Indicate the separator
CSV file doesn’t necessarily use the comma ,
character for field separation, it could be any character like \t
, |
… etc.
Fortunately, there is one option in read_csv
to help loading CSV file with specific field separator character.
df = pandas.read_csv('data/sample.csv', sep='\t')
An alias for sep
is delimiter
. The result output will be the same.
df = pandas.read_csv('data/sample.csv', delimiter='\t')
Separator can be a sequence of characters.
df = pandas.read_csv('data/sample.csv', sep='||')
Control the header row
CSV file might not have the header row, so if you execute the script in this case:
df = pandas.read_csv('data/sample.csv')
The output looks interesting.
1 'Pete Houston' 'Software Engineer' 92
0 2 'John Wick' 'Assassin' 95
1 3 'Bruce Wayne' 'Batman' 99
2 4 'Clark Kent' 'Superman' 95
pandas will assume the first row is the header.
For this, we can pass header=None
option to tell pandas that there is no header row in this CSV file.
df = pandas.read_csv('data/sample.csv', header=None)
and we have this output.
0 1 2 3
0 1 'Pete Houston' 'Software Engineer' 92
1 2 'John Wick' 'Assassin' 95
2 3 'Bruce Wayne' 'Batman' 99
3 4 'Clark Kent' 'Superman' 95
Since we don’t specify any header, pandas use integer value to index the header row.
We can also set name for each column through names=[]
option.
df = pandas.read_csv('data/sample.csv', names=['id', 'name', 'job', 'score'])
It will show the expected output.
id name job score
0 1 'Pete Houston' 'Software Engineer' 92
1 2 'John Wick' 'Assassin' 95
2 3 'Bruce Wayne' 'Batman' 99
3 4 'Clark Kent' 'Superman' 95
Set index column
There is one catch from the output. The very first column on the left, it is the auto-index column generated by pandas. We can opt it out of the DataFrame with index_col=
.
df = pandas.read_csv('data/sample.csv', header=None, names=['id', 'name', 'job', 'score'], index_col=0)
df = pandas.read_csv('data/sample.csv', header=None, names=['id', 'name', 'job', 'score'], index_col=['id'])
You can use either column index value or a sequence of column names to make index.
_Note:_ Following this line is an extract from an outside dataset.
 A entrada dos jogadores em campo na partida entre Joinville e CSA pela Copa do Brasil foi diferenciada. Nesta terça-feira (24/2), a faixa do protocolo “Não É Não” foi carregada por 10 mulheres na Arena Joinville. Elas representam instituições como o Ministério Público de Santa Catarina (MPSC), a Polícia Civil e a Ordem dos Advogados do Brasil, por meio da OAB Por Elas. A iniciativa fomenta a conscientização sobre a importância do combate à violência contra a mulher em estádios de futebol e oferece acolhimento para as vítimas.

The results of both are the same.
name job score
id
1 'Pete Houston' 'Software Engineer' 92
2 'John Wick' 'Assassin' 95
3 'Bruce Wayne' 'Batman' 99
4 'Clark Kent' 'Superman' 95
Skip some rows
To skip some rows when reading CSV, you can use skiprows=N
, where N
is the number of rows to skip from start of the file.
df = pandas.read_csv('data/sample.csv', names=['id', 'name', 'job', 'score'], skiprows=1)
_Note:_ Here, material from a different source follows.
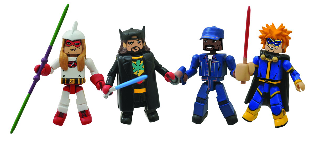 A Diamond Select Toys Release! Snootchie bootchies! This new four-pack of Minimates features four all-new mini-figures based on Kevin Smith's classic road movie Jay and Silent Bob Strike Back. Jay & Silent Bob star as Bluntman & Chronic, and they share the stage with director Chaka Luther King and the dastardly Cock-Knocker! Each Minimate stands 2 inches tall and features a variety of interchangeable parts and accessories. Designed and Sculpted by Art Asylum!
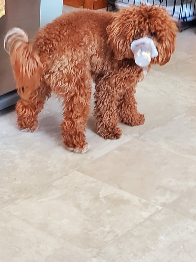 Favorite toy Petsta dog puzzle toy, treat dispensary. Petite dog one treats. Also like her stuffed toy dog,we call it baby. We tell her to go get baby, she will bring it to you. So absolutely loves her pup cups.

Limit number of rows to process
Have you only have interest in processing some rows, you can use nrows=N
, where N
is the number of rows to process.
df = pandas.read_csv('data/sample.csv', names=['id', 'name', 'job', 'score'], nrows=2)
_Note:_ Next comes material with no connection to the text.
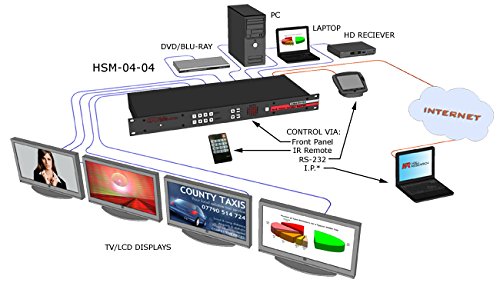 4×4 HDMI matrix switch with RS232 and IP Keep an eye on The Hall Research HSM-I-04-04 is a 4×4 HDMI matrix switch with RS232 and IP Keep an eye on. It supports HDCP, deep color, multi-channel digital audio (up to 7.1 channels), and may be used with any combination of DVI (PC) or HDMI (HDTV) sources and displays. The HSM-I-04-04 4×4 HDMI matrix switch uses silicon image chipsets capable of color depth conversion independently for each output. This assures that the highest numbers of colors imaginable are displayed on each output. In other words, if some outputs are connected to displays that only give a boost to HDMI 1.2 and others to 1.3, the unit will report as supporting HDMI 1.3 to each input source to be able to receive the deepest color depth imaginable. EDID management, fast switching, low profile (only 1 RU), PRESET Save and Recall functions, IR remote, and comprehensive front panel controls, make the Genesis Digital matrices ideal for home theater, conference room, multimedia presentation systems, and other similar settings. IP Keep an eye on from any PC or smartphone Keep an eye on and manage your video switch from anywhere in the building the usage of your iPhone or Android phone. The IP (LAN) port includes a Smart built-in web server with software to Keep an eye on the switch from any modern browser. The embedded HSM IP Manager first reads the display area of your browser and then renders the web page optimized for the device without the wish to install an app. Just use a shortcut to the IP address and you’re going to not only have the ability to make ties or recall presets, but can also assign custom names for each input, output, and preset pattern. It supports multiple simultaneous users from any device including PC, smartphone, or tablet. Try the HSM IP manager simulator The HSM IP Manager Simulator allows you to check out the software and see the features and navigation with some limited functionality. Try the simulator by scanning the QR Code with your smartphone

Certainly, you can combine skiprows
and nrows
to process files from a specific position with a limit number of rows.
# df = pandas.read_csv('data/sample.csv', names=['id', 'name', 'job', 'score'], skiprows=1, nrows=2)
Handling large CSV files
The CSV file could be really large in some cases. To handle this large file, we need to cut CSV file into many chunks and process each of them.
The chunk process in pandas can be done by using this option chunksize=
.
for df_chunk in pandas.read_csv('data/sample.csv', names=['id', 'name', 'job', 'score'], chunksize=1):
print(df_chunk)
The code produces this output.
id name job score
0 1 'Pete Houston' 'Software Engineer' 92
id name job score
1 2 'John Wick' 'Assassin' 95
id name job score
2 3 'Bruce Wayne' 'Batman' 99
id name job score
3 4 'Clark Kent' 'Superman' 95
About from_csv()
If you read any tutorial about reading CSV file using pandas, they might use from_csv
function. However, as indicating from pandas official documentation, it is deprecated. Hence, it is recommended to use read_csv
instead.
Conclusion
So, I have introduced with you how to read CSV file in pandas in short tutorial, along with common-use parameters.
If you need to know more options for read_csv
function, check out its documentation.